INPUT MATERIAL ::
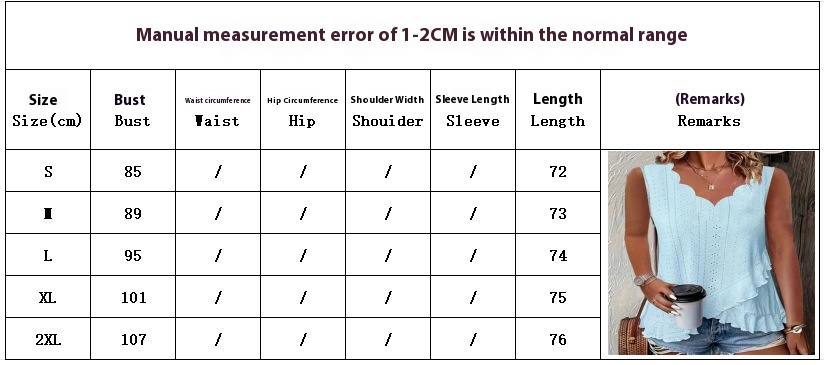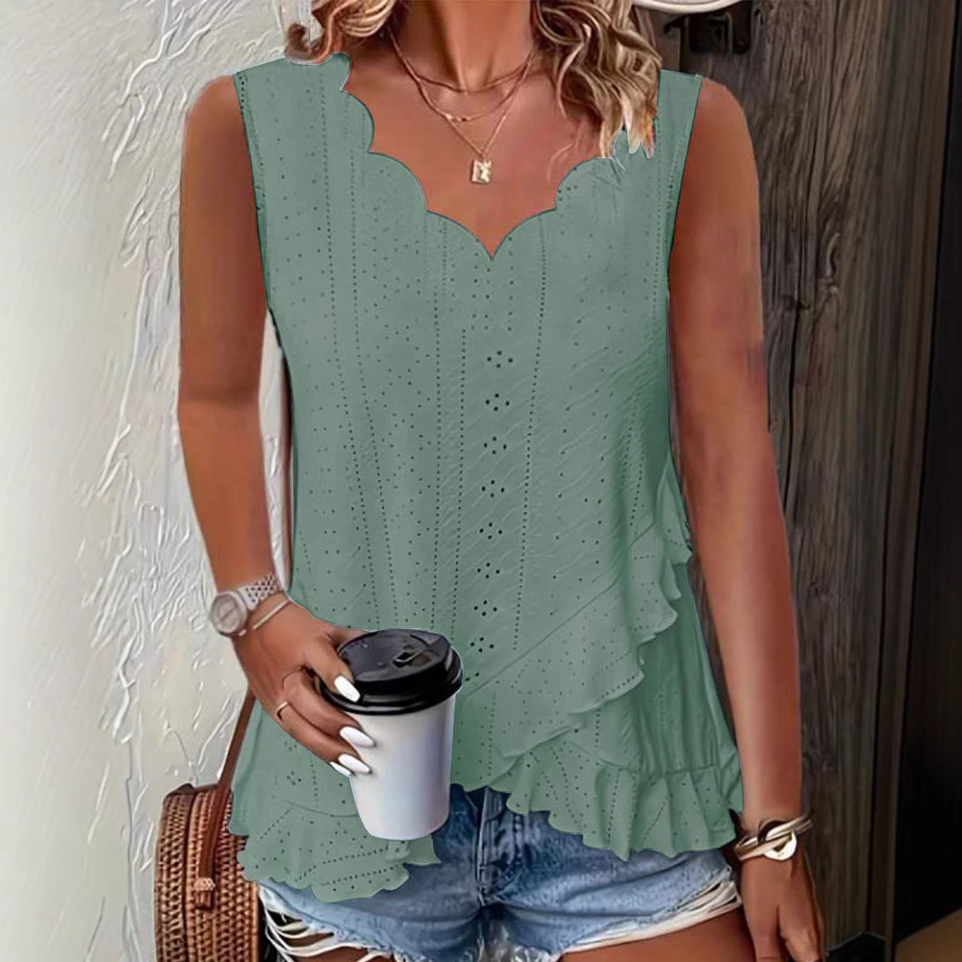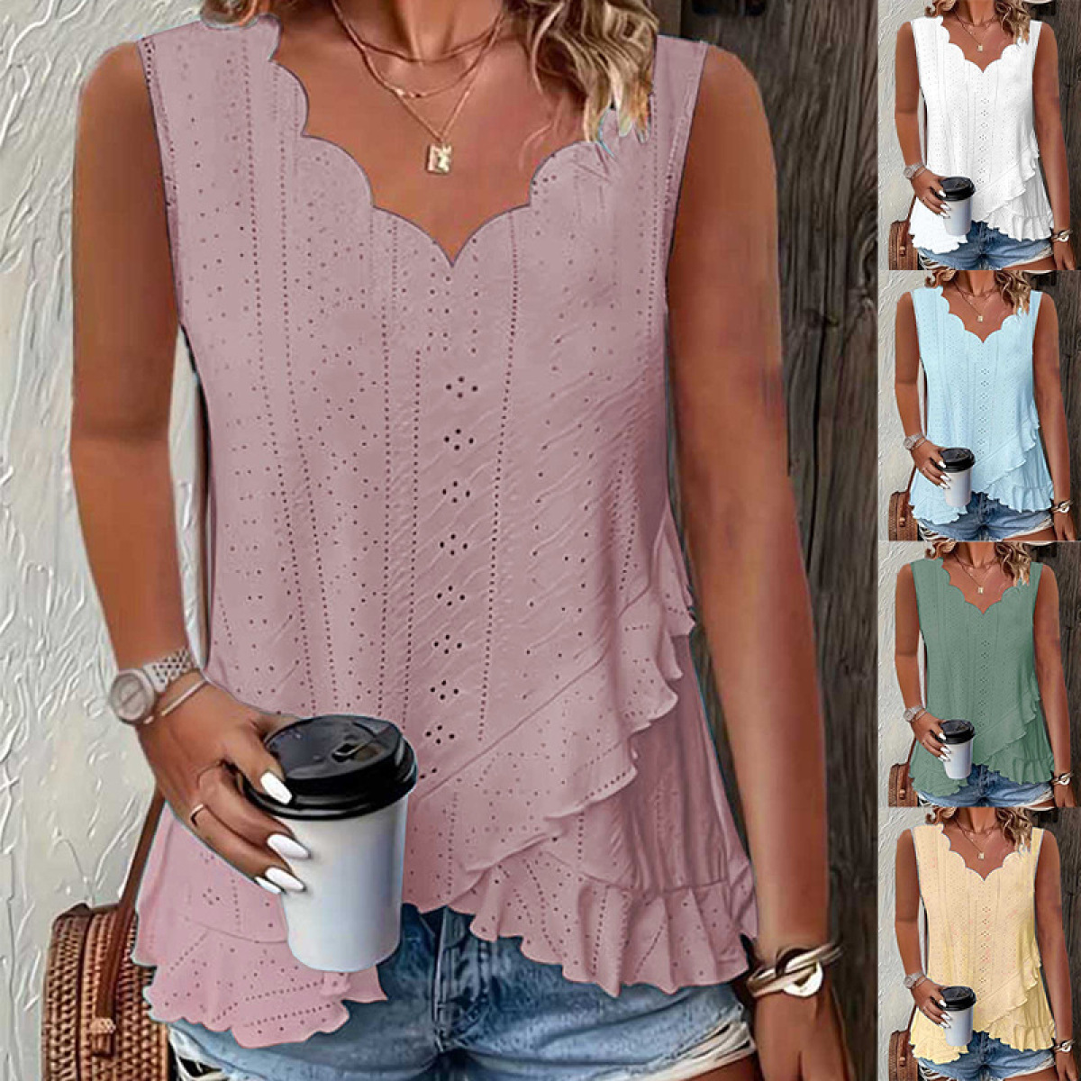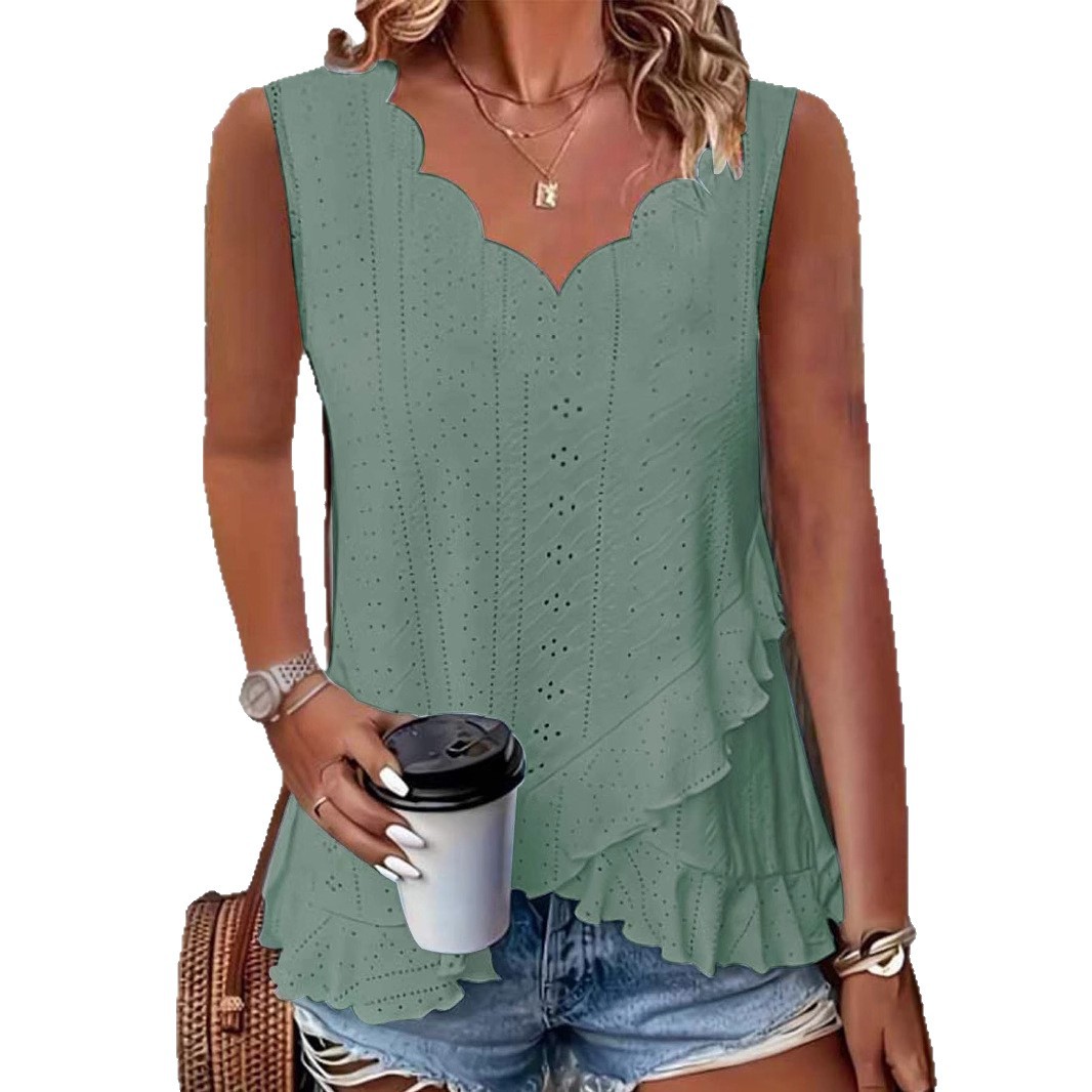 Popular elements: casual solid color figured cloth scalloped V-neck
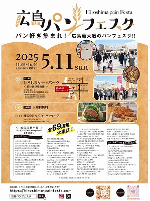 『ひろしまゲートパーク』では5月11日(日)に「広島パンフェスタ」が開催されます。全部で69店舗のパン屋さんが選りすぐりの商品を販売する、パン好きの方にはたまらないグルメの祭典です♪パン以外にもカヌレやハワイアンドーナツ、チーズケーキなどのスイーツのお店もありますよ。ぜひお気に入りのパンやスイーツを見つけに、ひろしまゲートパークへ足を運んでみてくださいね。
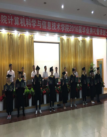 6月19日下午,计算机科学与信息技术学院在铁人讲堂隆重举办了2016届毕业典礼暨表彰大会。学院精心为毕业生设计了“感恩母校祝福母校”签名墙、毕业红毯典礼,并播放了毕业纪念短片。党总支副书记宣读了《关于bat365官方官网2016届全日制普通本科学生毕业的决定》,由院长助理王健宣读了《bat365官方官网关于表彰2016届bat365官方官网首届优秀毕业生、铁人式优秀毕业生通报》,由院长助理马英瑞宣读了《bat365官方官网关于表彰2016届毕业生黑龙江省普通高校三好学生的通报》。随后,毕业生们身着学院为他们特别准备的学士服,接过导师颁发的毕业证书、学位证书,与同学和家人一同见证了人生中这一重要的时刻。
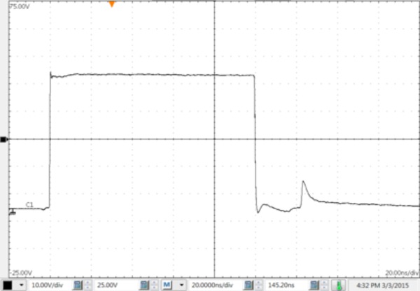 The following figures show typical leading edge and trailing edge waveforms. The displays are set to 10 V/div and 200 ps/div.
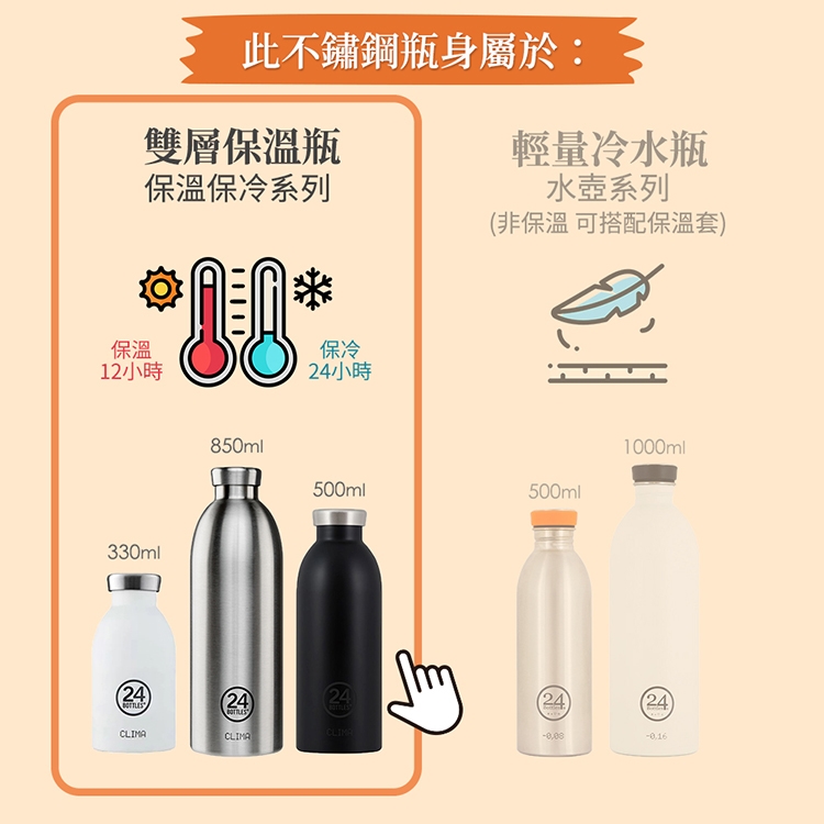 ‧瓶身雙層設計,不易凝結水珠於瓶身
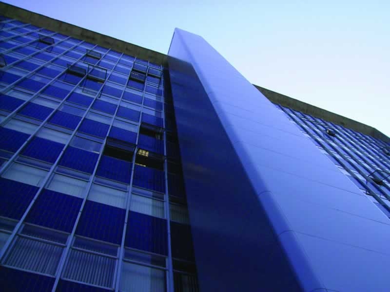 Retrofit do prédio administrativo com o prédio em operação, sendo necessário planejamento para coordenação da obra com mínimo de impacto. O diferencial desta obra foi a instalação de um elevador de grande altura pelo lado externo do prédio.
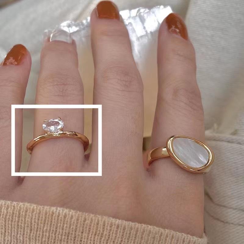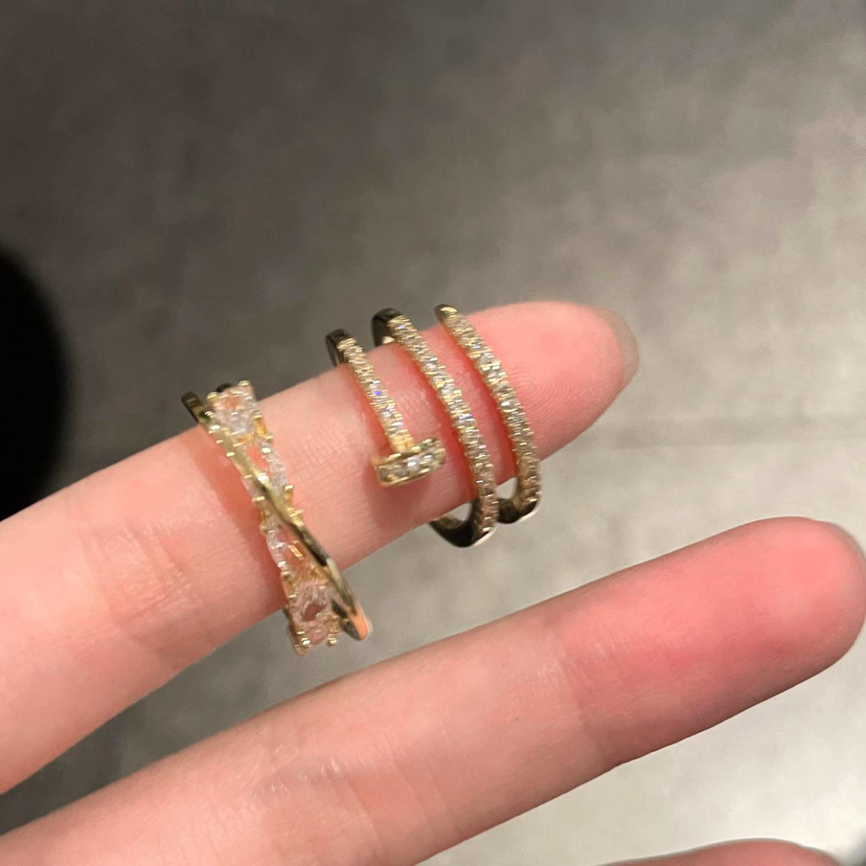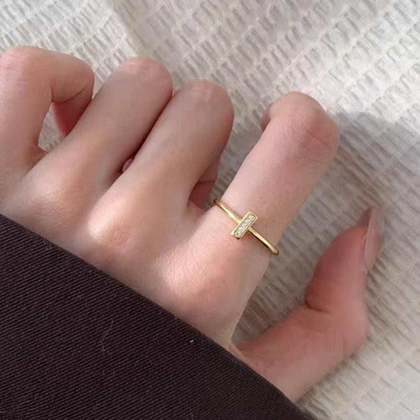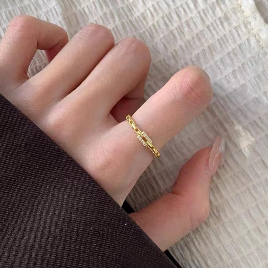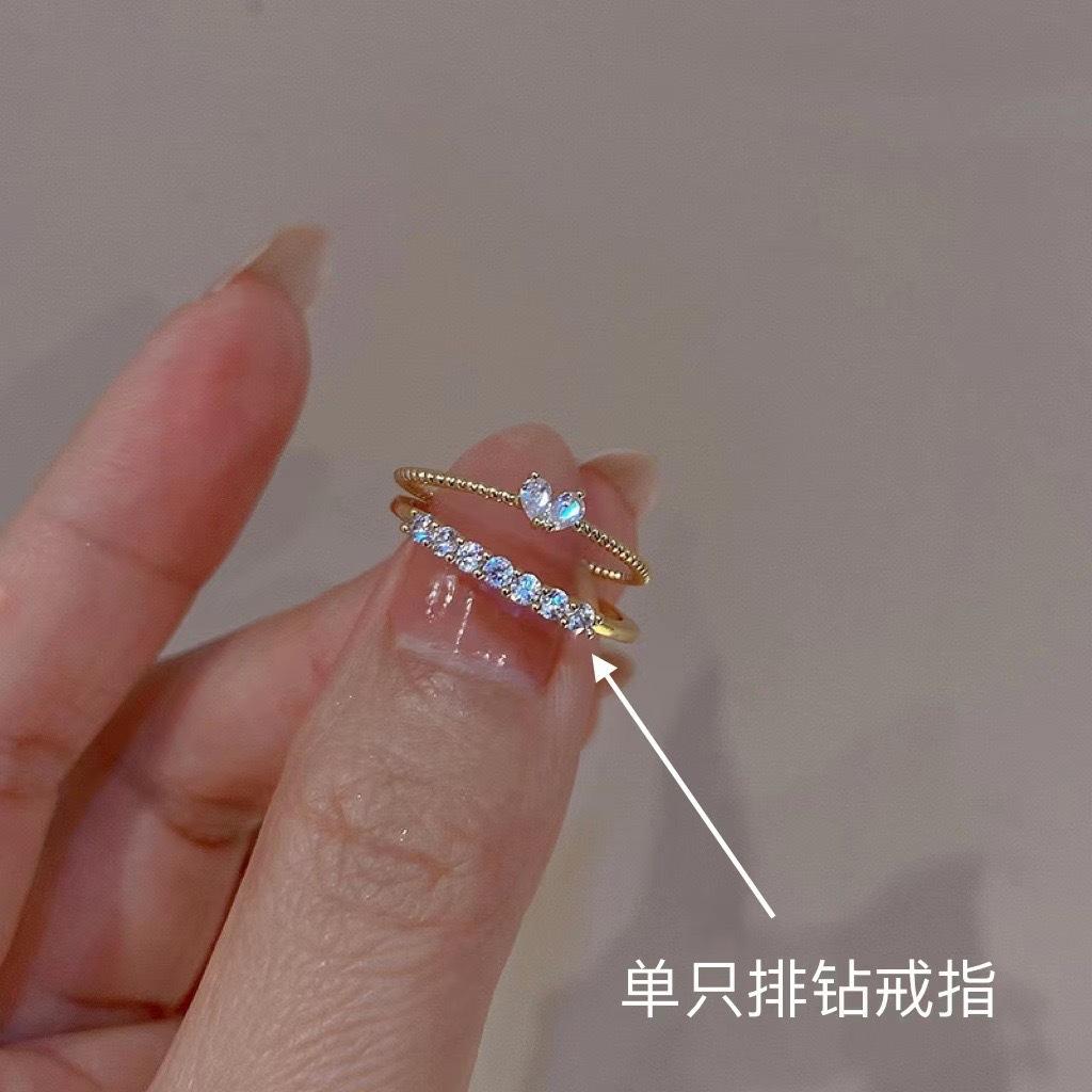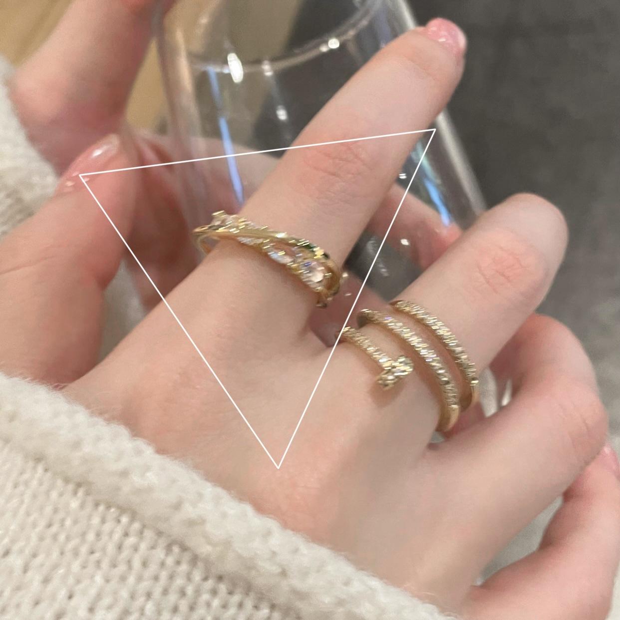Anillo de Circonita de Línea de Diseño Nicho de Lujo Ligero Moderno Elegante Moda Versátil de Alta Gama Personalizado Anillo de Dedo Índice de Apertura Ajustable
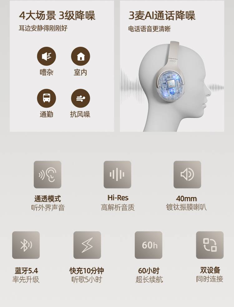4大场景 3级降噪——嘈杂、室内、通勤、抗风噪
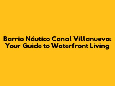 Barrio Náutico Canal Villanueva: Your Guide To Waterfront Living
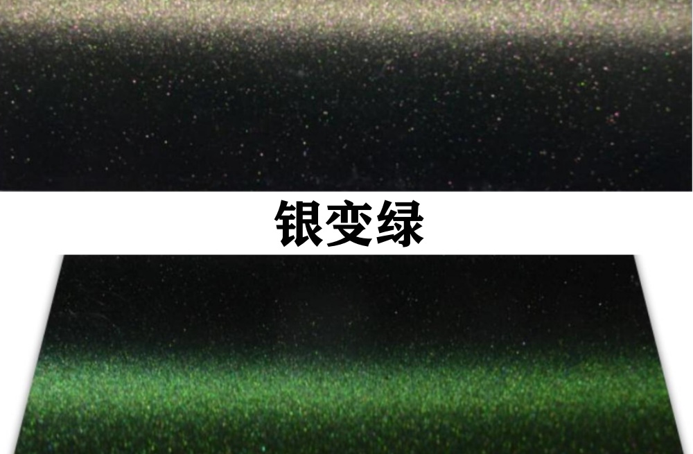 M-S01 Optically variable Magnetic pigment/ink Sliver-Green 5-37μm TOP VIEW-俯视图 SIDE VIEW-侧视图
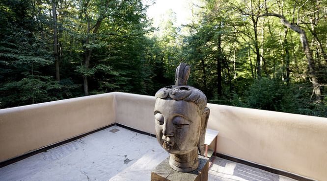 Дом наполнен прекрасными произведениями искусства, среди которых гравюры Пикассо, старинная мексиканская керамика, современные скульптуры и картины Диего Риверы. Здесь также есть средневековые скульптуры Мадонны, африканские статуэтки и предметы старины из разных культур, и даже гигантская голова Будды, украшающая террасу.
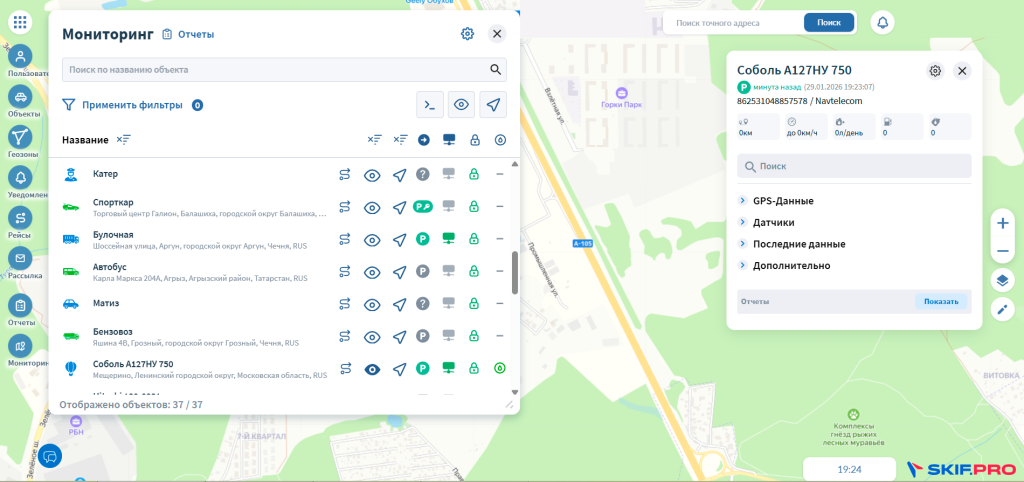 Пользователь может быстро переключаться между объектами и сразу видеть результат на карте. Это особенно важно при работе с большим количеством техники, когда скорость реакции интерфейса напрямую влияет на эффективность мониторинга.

PROBLEM DESCRIPTION :: Pictures must be left out of the answer, which should be exactly the lines from the one holding "4大场景 3级降噪——嘈杂、室内、通勤、抗风噪" through the last line of the entries above, both included; please add nothing.

OUTPUT OF THE EXERCISE ::
4大场景 3级降噪——嘈杂、室内、通勤、抗风噪
 Barrio Náutico Canal Villanueva: Your Guide To Waterfront Living
 M-S01 Optically variable Magnetic pigment/ink Sliver-Green 5-37μm TOP VIEW-俯视图 SIDE VIEW-侧视图
 Дом наполнен прекрасными произведениями искусства, среди которых гравюры Пикассо, старинная мексиканская керамика, современные скульптуры и картины Диего Риверы. Здесь также есть средневековые скульптуры Мадонны, африканские статуэтки и предметы старины из разных культур, и даже гигантская голова Будды, украшающая террасу.
 Пользователь может быстро переключаться между объектами и сразу видеть результат на карте. Это особенно важно при работе с большим количеством техники, когда скорость реакции интерфейса напрямую влияет на эффективность мониторинга.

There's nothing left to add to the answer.